In what The Guardian article attempts to call a last ditch effort to successfully reduce air pollution, the European Union, through its environment commission (EC), will strongly implement rules regarding vehicular emissions. Janez Potocnik, the environment commissioner of Europe, strongly suggested the fining of countries who will not abide by the rules that his group will provide. The article states:
“Poor air quality is the number one environmental cause of premature death in the EU with a toll that outstrips road traffic accidents. It is an ‘invisible killer’ and it prevents many people from living a fully active life,” he said. Potocnik said air pollution already costs Europe €330-940bn (£277-789bn) a year in extra health costs and prematurely killed over 100,000 people a year.
Large cities like London have claimed to be unable to meet NO2 targets set in 1999 until 2025 at the earliest. They have argued for extensions but the new initiative is expected to force them to take traffic off the road using charges, and stricter low emission zones.

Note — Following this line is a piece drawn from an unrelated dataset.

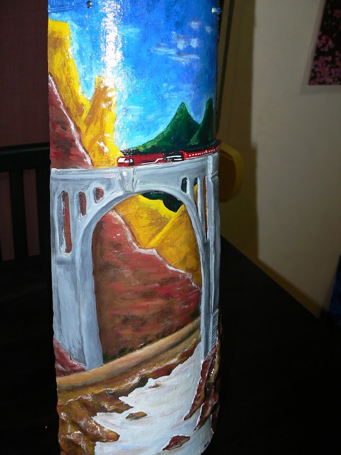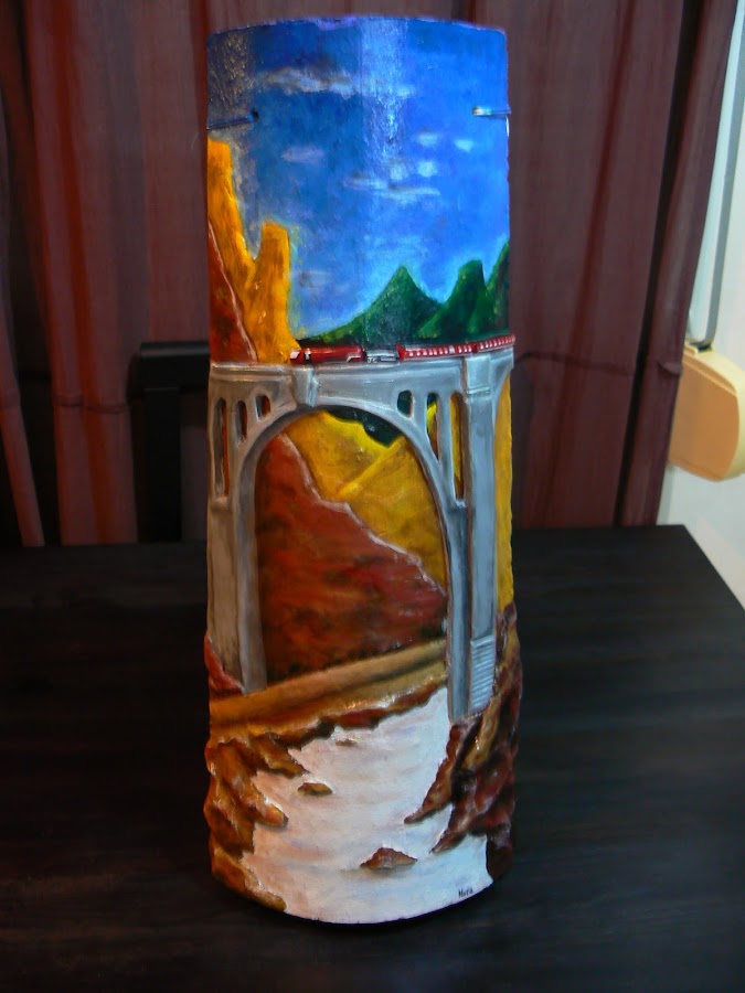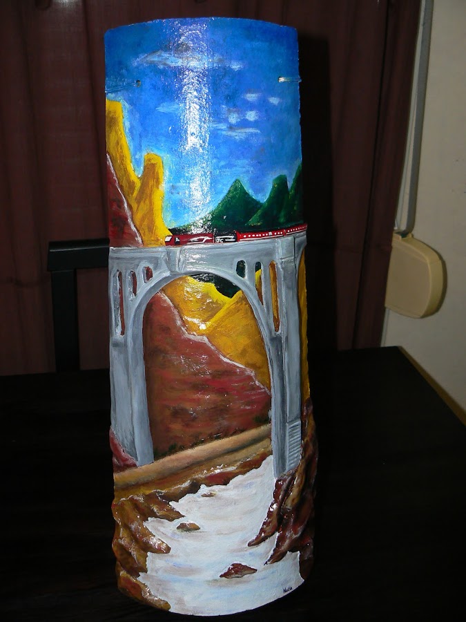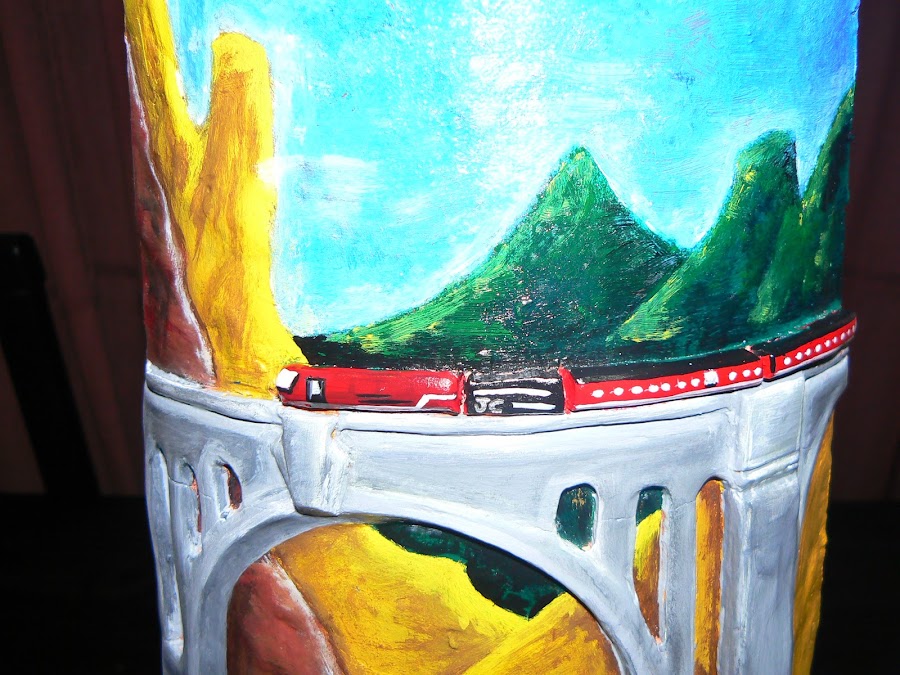 La Cabeza del Tren Bueno y aquí llegan las dos últimas tejas que tenía encargadas...La primera, es sobre la cabeza de un tren de la Renfe, es para un familiar mío que trabaja en ella.Con esta teja vuelvo a los leds, tiene uno imitando la luz del faro del tren y el interruptor... bueno os dejo las fotos a ver si lo veis. Saludos, Nora Barro Pintura Terminada Aquí tenéis el interruptor... ...

A commentary about the statement made is that the EC left out the ways of successfully reducing vehicular emission, focusing on accountability on the part of its constituents. There are ways of reducing air pollution, like through upgrading flexible exhaust tubing for large vehicles and outfitting exhaust elbows for trucks. Repairing engines and enhancing fuel sources may also reduce pollution in a significant level. Simply raising awareness of campaigns to reduce pollution can already be a significant way of helping the nation clean itself.
The implementation of strict rules regarding vehicular emission all over the world serves as a pivotal role in addressing one of the more crucial environmental issues the world faces today. Advocacies for cleaner air through proper car maintenance can already go a long way in supporting this cause.